表1に示す組成の帯鋼1を帯鋼加熱装置2で表2に示す条件で加熱した後、成形加工装置3により成形しオープン管7とした。オープン管両エッジ部にエッジ加熱装置5により表2に示す条件でエッジ加熱(一部エッジ予熱を含む)を施し、スクイズロール6で衝合溶接あるいは衝合圧接し、さらにビード除去装置14により管内外での余盛を一部除去し、さらにビード圧延装置15により余盛を圧潰し平滑化して鋼管8とした。なお、一部の鋼管では、増肉部分の一部までを除去した。一部の鋼管8については、さらに絞り加工装置21で表2に示す条件で絞り圧延し、製品管16とした。なお、比較例として、余盛切削(ビード除去処理)なしのものも加えた。
【0043】
これら製品管16の強度、伸び、管形状(シーム部の厚さ等の形状)および生産性を調査した。生産性は余盛除去をビード切削のみで行った場合の製品管生産量を100 として、これに対する比較で評価した。シーム部形状は、○(良好)、△(許容できる)、×(不良)の三段階で評価した。その結果を表2に併記する。
【0044】
【表1】
Figure 0004552244
【0045】
【表2】
Figure 0004552244
【0046】
本発明例は、強度、延性に優れ、かつシーム部の形状も良好で、かつ操業を停止することなく、高い生産性で鋼管を製造できた。
【0047】
【発明の効果】
本発明によれば、強度、延性に優れ、かつシーム部の形状が良好な鋼管が、生産性高く製造できる。また、本発明によれば、高速の絞り圧延も可能になるために生産性が向上し、また、絞り圧延により、小ロット多サイズの生産にも対応が可能である。
【図面の簡単な説明】
【図1】 本発明の実施に好適な鋼管製造設備列の一例を示す説明図である。
【図2】 本発明の実施に好適なビード圧延装置の一例を示す説明図である。
【符号の説明】
1 帯鋼
2 帯鋼加熱装置
3 成形加工装置
4 エッジ予熱装置
5 エッジ加熱装置
6 スクイズロール(圧接装置)
7 オープン管
8 鋼管
8a シーム部
8b 内面ビード(余盛)
11 アンコイラ
12 帯鋼の接合装置(中継ぎ溶接機)
14 ビード除去装置
15 ビード圧延装置
16 製品管
17 ルーパ(アキュムレータ)
18 切断機
19 管矯正装置
20 温度計
21 絞り加工装置
22 鋼管加熱灼熱装置
23 直近冷却装置
31 ロール保持台車
32 内面圧延ロール
33 ガイドロール
34 車輪
35 摺動部
36 皮膜(潤滑性皮膜)
39 通水路
311 サポートロール
330 台車連結管

Claims (5)

  1. 帯鋼を800 ℃以下の温度範囲に加熱した後、成形ロール群により連続的に成形し、オープン管とし、該オープン管の両エッジ部端面を融点以上に加熱し、スクイズロールで衝合溶接する鋼管の製造方法において、前記衝合溶接後に内外ビードの溶融凝固した部分を除去するビード除去処理を行い、該ビード除去処理についでビード圧延を行い、該ビード圧延後さらに絞り圧延を施し、該絞り圧延を、850〜900℃の温度域で行い、且つ、歪速度1s -1 以上での圧下率が30%以上になるように行うことを特徴とする鋼管の製造方法。

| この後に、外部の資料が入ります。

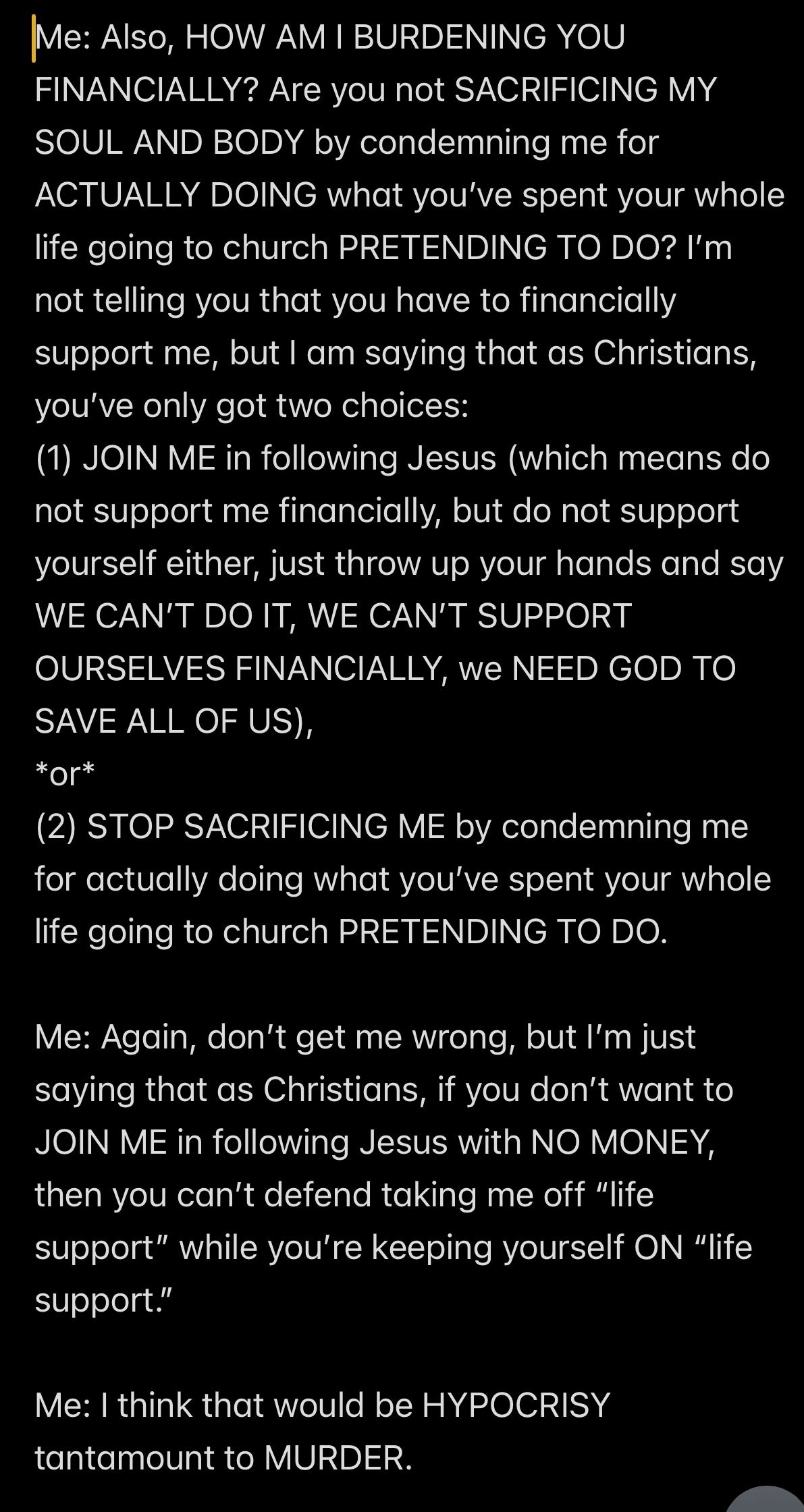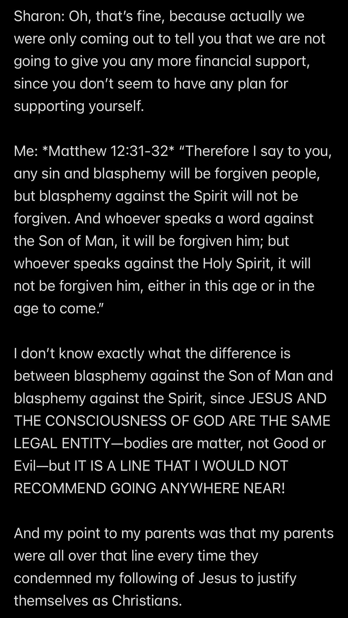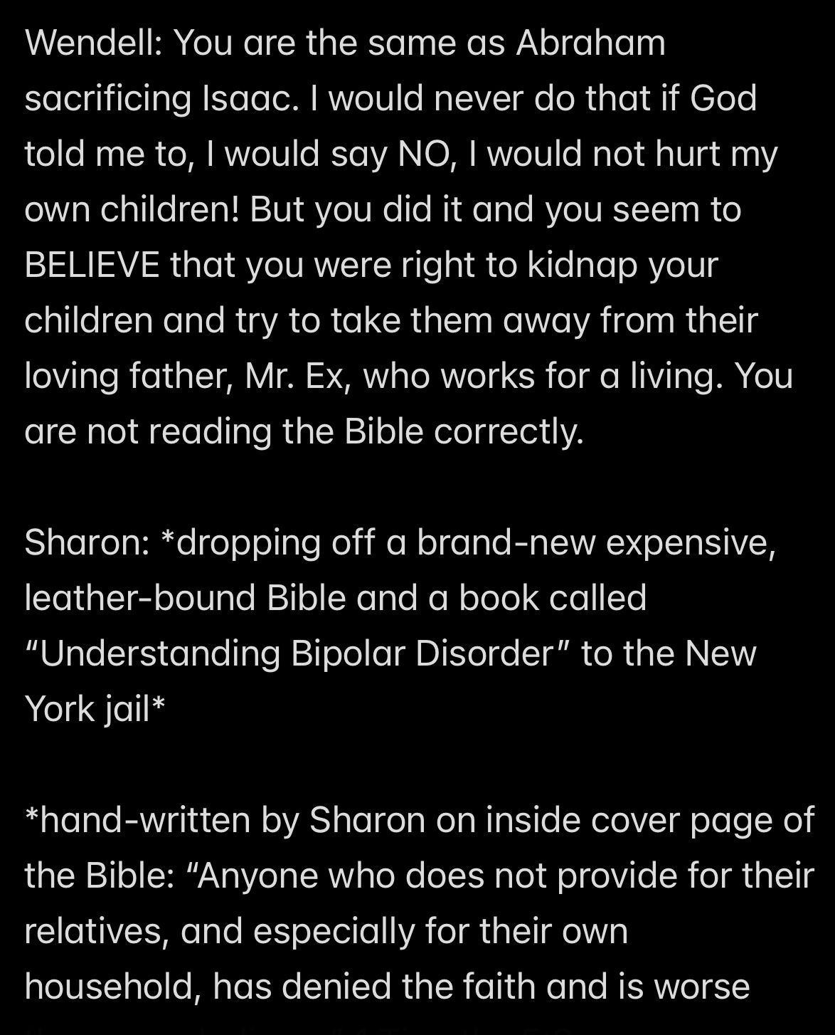 Wendell was 100 AGAINST ME AND *JESUS’S WORD*, despite being a lifelong espouser of *JESUS’S WORD*!
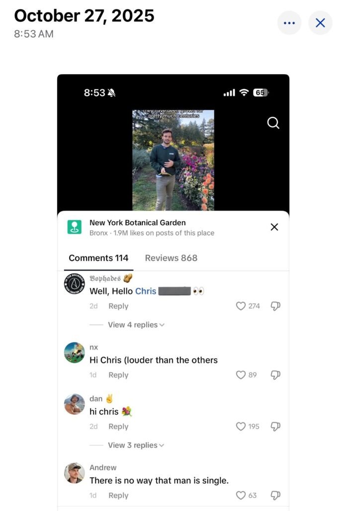Chris Eliott é um horticultor e curador associado do Jardim Botânico de Nova York (EUA). Recentemente, ele apareceu em vídeos nas redes sociais para falar sobre algumas flores presentes no local, como magnólias e cerejeiras, mas o que chamou a atenção de boa parte de quem assistiu aos vídeos foi a aparência do profissional. Em todas as publicações em que aparece, Chris começou a sofrer assédio sexual de diversas pessoas. A situação gerou grande constrangimento, e os comentários foram bloqueados.
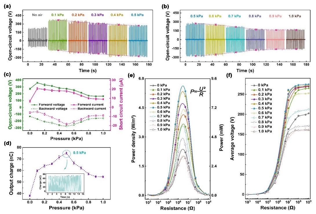 针对这种新型结构的能源器件,中文av 人员系统地中文av 了其在不同内部气压下的电输出性能,证明了在内压为0.5kpa时,该器件能产生最大输出。同时,还发现器件内部的空气能平衡外力的分布,使输出性能的正反向信号均匀化。此外,还比较和分析了不同作用力、频率、空气相对湿度、温度等外界因素对器件电输出性能的影响,进一步验证了其环境适应性。
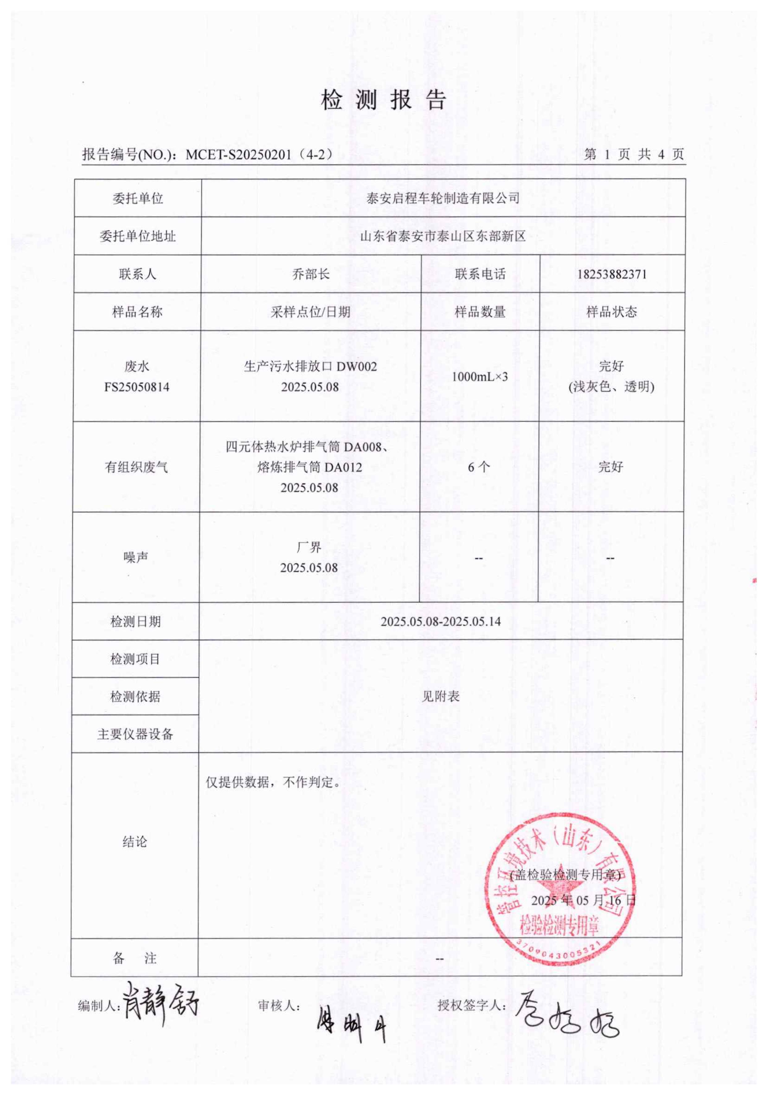 泰安啟程車輪制造有限公司2025年5月份環(huán)境污染物排放檢測報(bào)告

  2. 帯鋼を800 ℃以下の温度範囲に加熱した後、成形ロール群により連続的に成形し、オープン管とし、該オープン管の両エッジ部端面を融点以上に加熱し、スクイズロールで衝合溶接する鋼管の製造方法において、前記衝合溶接後に内外ビードの溶融凝固した部分、さらに増肉部分の一部を除去するビード除去処理を行い、該ビード除去処理についでビード圧延を行い、該ビード圧延後さらに絞り圧延を施し、該絞り圧延を、850〜900℃の温度域で行い、且つ、歪速度1s -1 以上での圧下率が30%以上になるように行うことを特徴とする鋼管の製造方法。

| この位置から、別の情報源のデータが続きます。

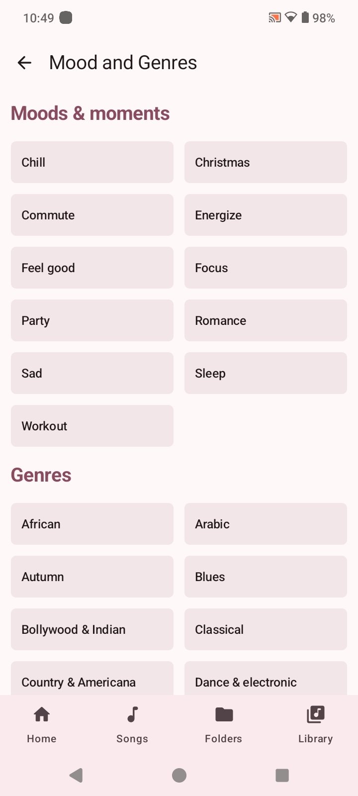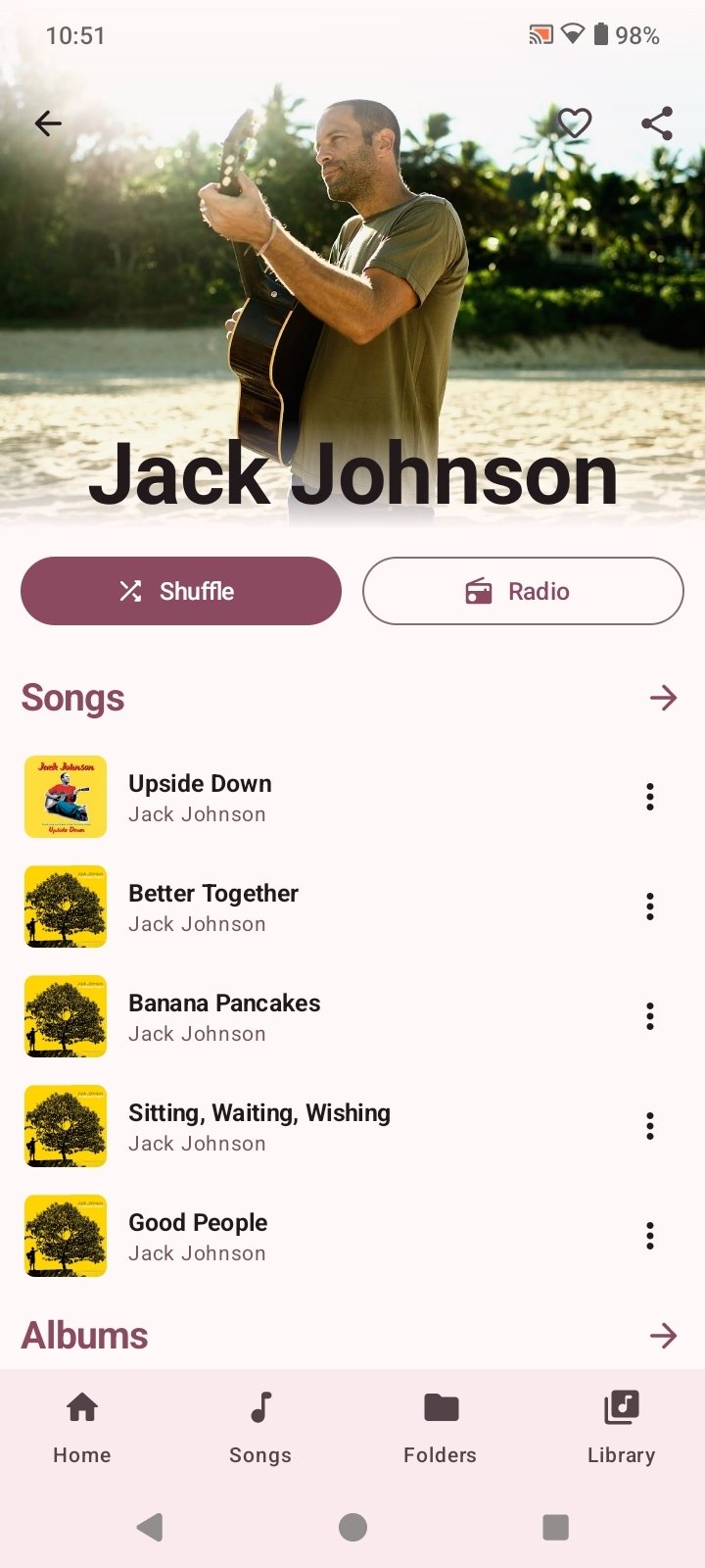 - Gestión avanzada de biblioteca con filtros por artista, álbum y género.

  3. 帯鋼を800 ℃以下の温度範囲に加熱した後、成形ロール群により連続的に成形し、オープン管とし、該オープン管の両エッジ部をキュリー点以上の温度にエッジ予熱した後に、該両エッジ部の端面を融点以上に加熱し、スクイズロールで衝合溶接する鋼管の製造方法において、前記衝合溶接後に内外ビードの溶融凝固した部分を除去するビード除去処理を行い、該ビード除去処理についでビード圧延を行い、該ビード圧延後さらに絞り圧延を施し、該絞り圧延を、850〜900℃の温度域で行い、且つ、歪速度1s -1 以上での圧下率が30%以上になるように行うことを特徴とする鋼管の製造方法。

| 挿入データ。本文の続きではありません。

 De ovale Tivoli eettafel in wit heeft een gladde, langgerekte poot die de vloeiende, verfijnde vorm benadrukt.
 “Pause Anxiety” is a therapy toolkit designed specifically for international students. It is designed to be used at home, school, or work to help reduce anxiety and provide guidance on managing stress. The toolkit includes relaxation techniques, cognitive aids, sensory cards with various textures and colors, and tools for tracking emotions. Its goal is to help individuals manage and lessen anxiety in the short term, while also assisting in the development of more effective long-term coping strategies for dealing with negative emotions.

  4. 帯鋼を800 ℃以下の温度範囲に加熱した後、成形ロール群により連続的に成形し、オープン管とし、該オープン管の両エッジ部をキュリー点以上の温度にエッジ予熱した後に、該両エッジ部の端面を融点以上に加熱し、スクイズロールで衝合溶接する鋼管の製造方法において、前記衝合溶接後に内外ビードの溶融凝固した部分、さらに増肉部分の一部を除去するビード除去処理を行い、該ビード除去処理についでビード圧延を行い、該ビード圧延後さらに絞り圧延を施し、該絞り圧延を、850〜900℃の温度域で行い、且つ、歪速度1s -1 以上での圧下率が30%以上になるように行うことを特徴とする鋼管の製造方法。
  5. 帯鋼を800 ℃以下の温度範囲に加熱した後、成形ロール群により連続的に成形し、オープン管とし、該オープン管の両エッジ部をキュリー点以上の温度にエッジ予熱した後に、該両エッジ部の端面を1300℃以上、融点未満に加熱し、スクイズロールで衝合圧接する鋼管の製造方法において、前記衝合圧接後の内面の増肉部分を除去するビード除去処理を行い、該ビード除去処理についでビード圧延を行い、該ビード圧延後さらに絞り圧延を施し、該絞り圧延を、850〜900℃の温度域で行い、且つ、歪速度1s -1 以上での圧下率が30%以上になるように行うことを特徴とする鋼管の製造方法。